Still, in his international section, Harford performs a real service when he dismantles a favorite political straw man: the dangers of trade imbalance. Currency, no matter how much Scrooge McDuck might have liked swimming in it, is really just pieces of paper. And when the value it represents is traded to someone overseas for goods or services, they will eventually trade it for something they can actually use, meaning the tens of billions of dollars that we send to Japan every year eventually come back.

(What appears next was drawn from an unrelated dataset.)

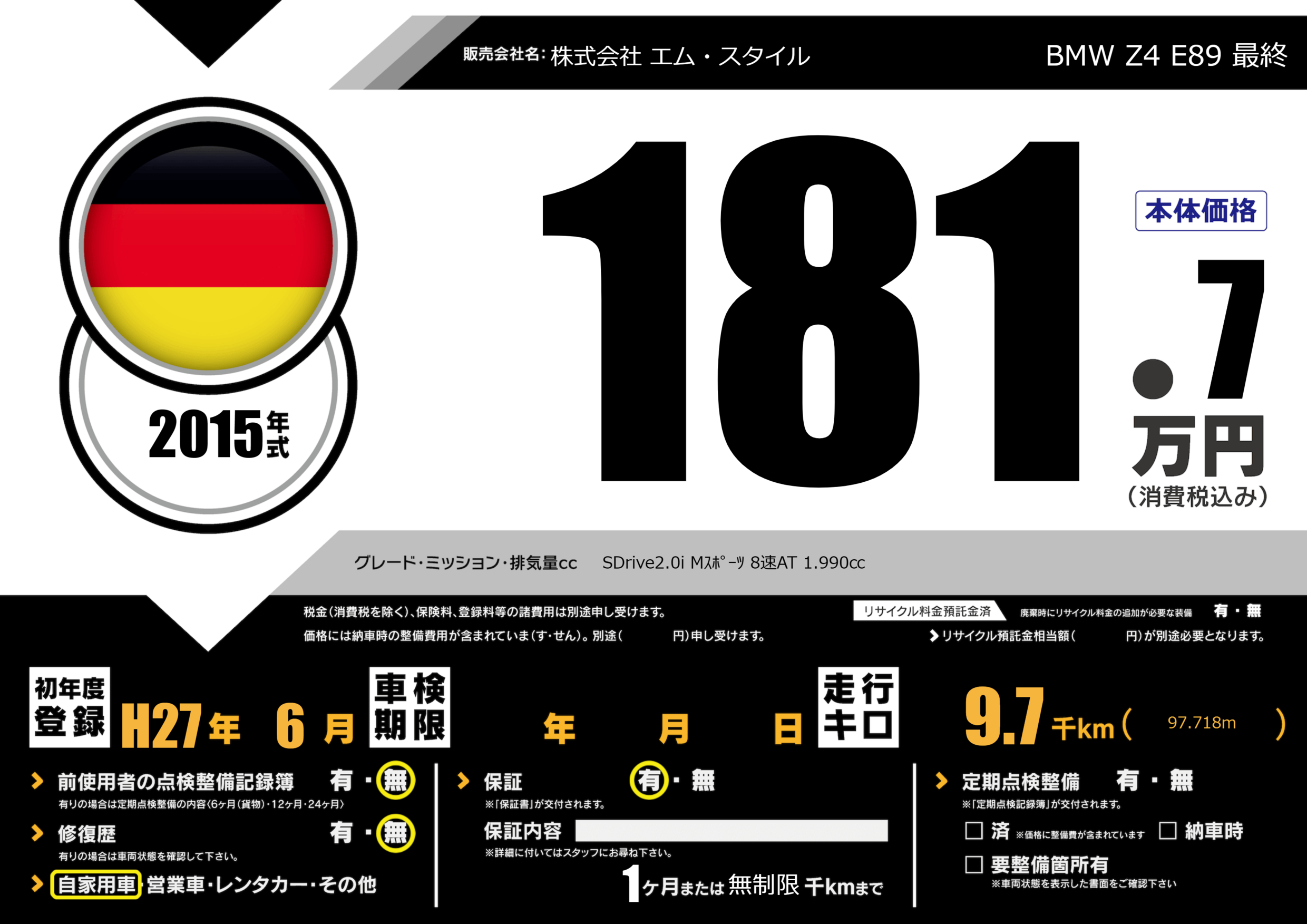 | 車名 | BMW Z4 E89 最終 | グレード ミッション 排気量 |
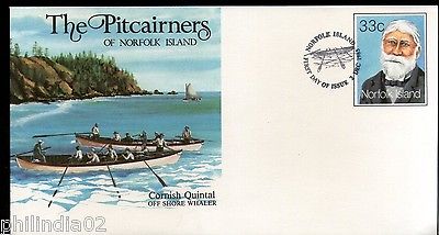 Norfolk Is. Cornish Quintal Off Shore Whaler Postal Stationery Env. FD Cancelled

Toward the end of the book, Harford remembers the famous Ronald Reagan quip about the Trival Pursuit game for economists. (Punch line: It has 100 questions and 3,000 answers.) Like psychology and postquantum physics, the uncertainty of economics is part of what makes it so alluring to nonexperts. Anyone’s drunken theory, it seems at times, is potentially as true as anyone else’s. Harford is an honest enough writer that he doesn’t pretend that this uncertainty isn’t a factor in the professional and academic fields, as well. When he rolls out his final assault on globalization’s critics, the best he can muster is to focus on the “near universal” opinions that “nearly all” economists can agree on—that trade is good, tariffs are bad, and taxes “distort” market behavior. But if that’s the limit of the consensus, you have to wonder: How many more explanations are there for why you can never buy a decent used car?